The Chinese Academy of Sciences is playing a key role in training future scientists and engineers who will lead S&T development efforts across the BRI nations.
Brain gain
Finally (fifth), there is the transition in China from being a country with a serious ‘brain drain’ problem to a country that is now putting that into reverse – China is now attracting qualified talent back home because it is a hothouse economy where digitalisation and the ‘Internet of Things’ are taking hold much faster than most people realise.
Surely, not all best and brightest are returning, but people like Shi Yigong, president of Westlake University in Hangzhou, and others have decided to go back to China.
Moreover, China is aggressively recruiting scientific and engineering talent from all around the world. According to Minister of Science and Technology Wang Zhigang, more than 330,000 personnel from overseas have been working in China as foreign experts.
In addition, the presence of joint venture universities and related projects has served as a magnet to attract high quality international faculty engaged in teaching and research.
The high calibre of these faculty is shaped by the fact that these joint venture universities must issue the same degrees as their US-based home institutions and these degrees must be formally accredited in the US.
A new 2.0 framework
The bottom line is that the operative conditions that were present at the time when the US and China began S&T cooperation and student or scholarly exchanges have changed in fundamental ways across a 40-year period and it is time to think about re-designing a new framework for cooperation.

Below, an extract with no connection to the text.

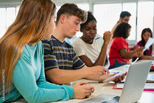 © EFStock, Fototapeta premium Teenager students learning together at High School Classroom, doing exercise
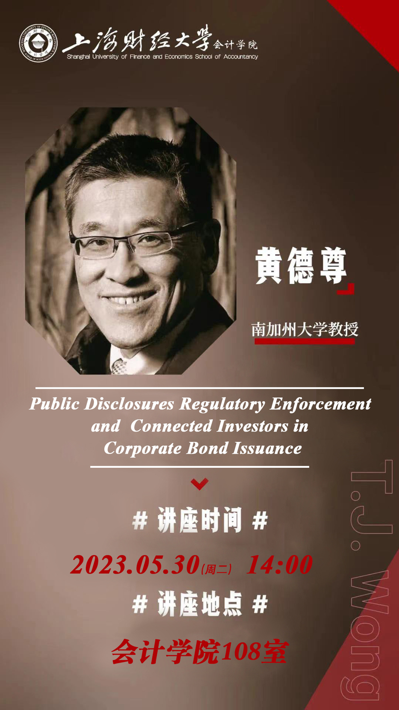 【讲座主题】Public Disclosure Regulatory Enforcement and Connected Investors in Corporate Bond Issuance

This must take into account four decades of learning about what works and what does not work as well as a variety of other unresolved problems and issues we have discovered along the way.
Clearly, there are problems that require our urgent attention, especially those involving intellectual property protection, cyber security, academic access and research ethics. It is in our joint interest to arrest these problems before the current downward spiral in relations acquires even further momentum.
That said, we need to negotiate new rules of the road to guide us moving forward. Despite the bellicose, confrontational anti-China noise we hear from Washington DC and the new rhetoric about self-reliance we pick up from Beijing, the fundamental reality is that decoupling and disengagement is a bone-headed idea.
The simple fact is that there is no S&T related global problem out there – clean energy, climate change, global health, water supplies, food safety and security, etc – whose meaningful solution does not depend on a close US-China relationship in S&T and education.
In fact, the same point can be made about S&T cooperation involving China’s relations with the European Union, the United Kingdom and Japan.
By building a new 2.0 framework and set of accompanying agreements that reflect the new realities surrounding the evolving bilateral relationship, perhaps we can restore some of the trust and goodwill that has been lost and we can harness the multiplicity of actual and potential synergies that exist between China and the US.
For the first time, China’s emerging new S&T capabilities can give real meaning to the idea of ‘mutual benefit’ in key fields such as artificial intelligence, new materials, life sciences, etc.
It would be total folly for the US to walk away or impose new constraints on cooperation just when China’s scientific community and education institutions can put considerable knowledge and expertise on the table with real, substantive value for the US and the rest of the world.
It is time to awaken from our seemingly all-consuming fears of a rising China to recognise China’s emergence can be a win-win rather than a zero-sum game.
Dr Denis Simon is senior adviser to the president for China affairs at Duke University and professor of China business and technology at Duke’s Fuqua School of Business, United States. Prior to returning to Duke, Simon served as executive vice-chancellor at Duke Kunshan University in China (2015-20).